Where the listing below has a line with "2024.9.25《国际在线", write out exactly that line and every line after it, stopping after the line with "3. Klicken Sie".

Supplied material:
== == ==

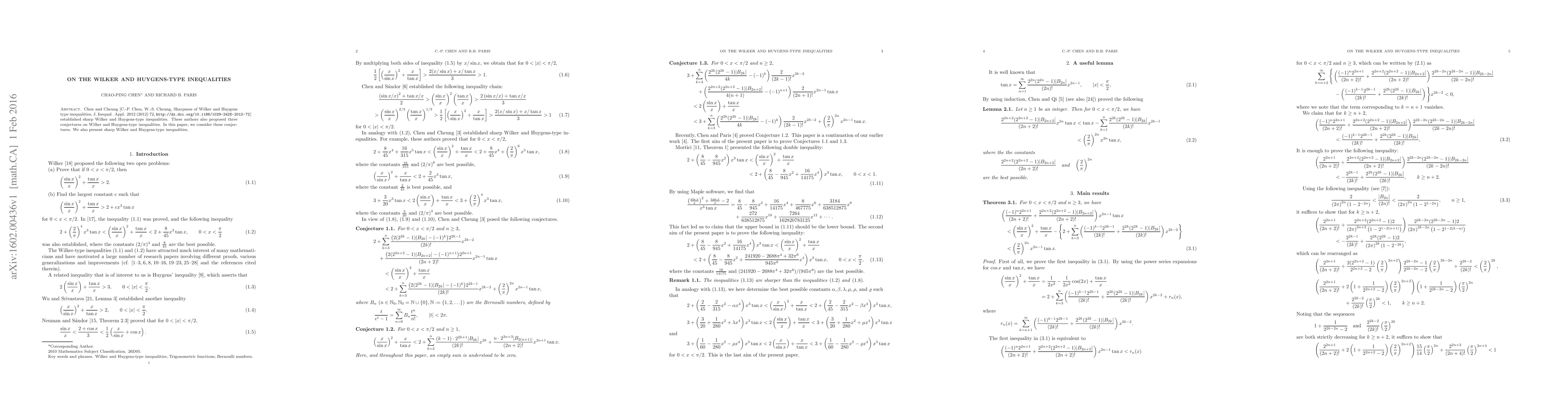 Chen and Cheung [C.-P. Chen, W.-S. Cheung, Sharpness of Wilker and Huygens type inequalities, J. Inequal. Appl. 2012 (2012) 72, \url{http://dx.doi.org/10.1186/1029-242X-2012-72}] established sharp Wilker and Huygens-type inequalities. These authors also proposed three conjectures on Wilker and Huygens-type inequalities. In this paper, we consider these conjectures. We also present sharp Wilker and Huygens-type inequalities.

== == ==

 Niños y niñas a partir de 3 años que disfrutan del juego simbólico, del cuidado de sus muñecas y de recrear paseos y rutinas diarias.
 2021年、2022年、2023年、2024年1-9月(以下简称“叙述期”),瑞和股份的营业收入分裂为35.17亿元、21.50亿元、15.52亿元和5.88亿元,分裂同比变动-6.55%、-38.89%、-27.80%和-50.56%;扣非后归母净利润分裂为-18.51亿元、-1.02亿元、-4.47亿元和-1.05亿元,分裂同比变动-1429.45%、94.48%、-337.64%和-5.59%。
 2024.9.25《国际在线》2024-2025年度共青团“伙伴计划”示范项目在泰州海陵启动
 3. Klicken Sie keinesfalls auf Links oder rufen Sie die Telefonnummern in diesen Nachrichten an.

== == ==

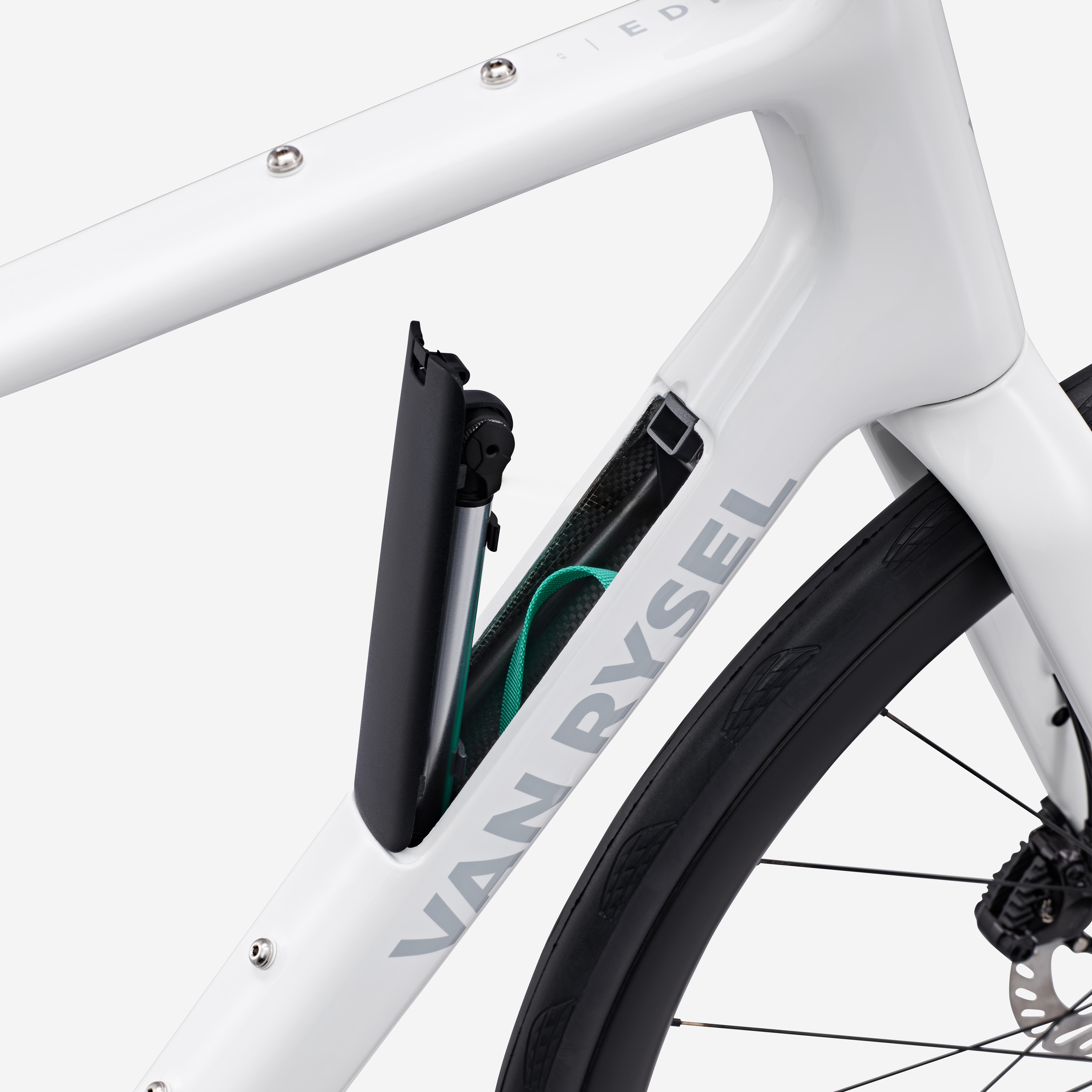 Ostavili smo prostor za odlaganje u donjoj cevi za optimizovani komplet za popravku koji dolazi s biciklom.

== == ==

Response area:
 2024.9.25《国际在线》2024-2025年度共青团“伙伴计划”示范项目在泰州海陵启动
 3. Klicken Sie keinesfalls auf Links oder rufen Sie die Telefonnummern in diesen Nachrichten an.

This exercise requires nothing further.